Tuesday, April 7, 2009

[t-sql] What is the difference between SET and SELECT when assigning values to variables?

Traditionally, SQL Server database developers are accustomed to using SELECT for assigning values to variables. This was fine and a perfectly valid practice right until SQL Server 6.5. Microsoft released SQL Server 7.0 in 1999. SQL Server 7.0 introduced the new SET statement for initializing and assigning values to variables. SQL Server 7.0 Books Online also stated: "It is recommended that SET @local_variable be used for variable assignment rather than SELECT @local_variable."

This caused some confusion in the database developer community, as Microsoft never mentioned, why SET is recommended over SELECT for assigning values to variables. In this article, I will highlight all the major differences between SET and SELECT, and things you should be aware of, when using either SET or SELECT.

If you are completely new to T-SQL, then the following examples give you an idea of what I am talking about:
    /* Declaring variables */
DECLARE @Variable1 AS int, @Variable2 AS int

/* Setting @Variable1 to a value of 1 using SELECT */
SELECT @Variable1 = 1

/* Setting @Variable2 to a value of 2 using SET */
SET @Variable2 = 2

Now coming to the differences between SET and SELECT! Are standards important to you? If your answer is 'yes', then you should be using SET. This is because, SET is the ANSI standard way of assigning values to variables, and SELECT is not.

Another fundamental difference between SET and SELECT is that, you can use SELECT to assign values to more than one variable at a time. SET allows you to assign data to only one variable at a time.
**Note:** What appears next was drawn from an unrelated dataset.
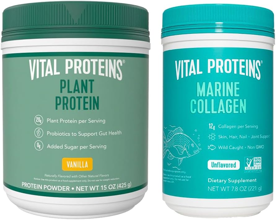 Bioavailable Collagen Peptides Powder ---- Our Marine Collagen is made from the scales of fresh, non-GMO, wild-caught white fish off the coast of Alaska. It’s highly bioavailable, digestible and soluble in cold waterHealth Beneficial ---- Marine collagen peptides can be digested and absorbed by the body quickly for maximum benefits. Helps improve the health of your hair, skin, nails, joints and ligaments, and tendons12g Collagen Powder per Serving ---- We provide a scoop to measure it, which 2 scoops of powder = 12g. That's also why the container isn’t full and just has to leave room for the scoop. And our product quantity based on weight, not canister size20g plant protein per serving including all 9 essential amino acids – Adding one serving of Plant Protein to your post-workout routine or daily nutrition so you can truly thrive. 1B CFU Probiotics support a healthy gut and ease digestionVegetarian – Made with plant-based diets in mind. Developed without dairy, gluten, or soy. No added sugar - made with a hint of stevia, Plant Protein contains 0g of added sugar per servingVital Proteins Marine Collagen Peptides Powder 7.8 oz Unflavored + 15 oz Vanilla Plant Protein Powder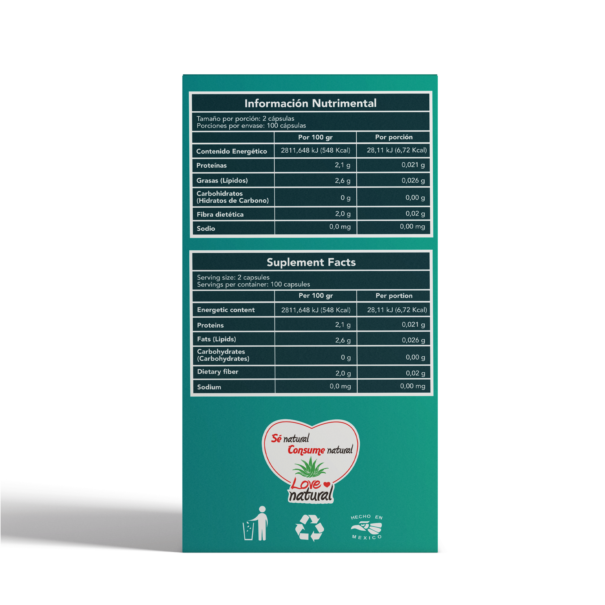 Caja/Frasco con 100 cápsulas de 500 mg c/u.

Here's how:
    /* Declaring variables */
DECLARE @Variable1 AS int, @Variable2 AS int

/* Initializing two variables at once */
SELECT @Variable1 = 1, @Variable2 = 2

/* The same can be done using SET, but two SET statements are needed */
SET @Variable1 = 1
SET @Variable2 = 2

So far so good. But if you ever wrote error handling code in T-SQL, you most probably are aware that, the system variables @@ERROR and @@ROWCOUNT must be captured in one statement, immediately after a data manipulation (DML) statement like INSERT, UPDATE, DELETE, or else, these system variables get reset to 0. So, if you want to stick to the standards and use SET in this scenario, you are out of luck. The following example demonstrates the problem:
    DECLARE @Error int, @RowCount int
SELECT price/0 FROM dbo.titles
SET @RowCount = @@ROWCOUNT
SET @Error = @@ERROR
SELECT @Error AS Error
GO

If you run the above piece of code in pubs database, the value of @@ERROR system variable will be displayed as 0, even though the 'division by zero' resulted in error 8134. So, in this particular scenario, forget about standards and use SELECT, as shown below:
    DECLARE @Error int, @RowCount int
SELECT price/0 FROM dbo.titles
SELECT @RowCount = @@ROWCOUNT, @Error = @@ERROR
SELECT @Error AS Error

But if you insist on using SET even in this scenario, there's always a way out. Here's one example, though not readable and recommended:
    DECLARE @ErrorAndRowcount AS varchar(25), @Error int, @RowCount int
SELECT price/0 FROM dbo.titles

/* Capturing @@ERROR and @@ROWCOUNT into a dot separated string */
SET @ErrorAndRowcount = CAST(@@ERROR AS varchar(12)) + '.' + CAST(@@ROWCOUNT AS varchar(12))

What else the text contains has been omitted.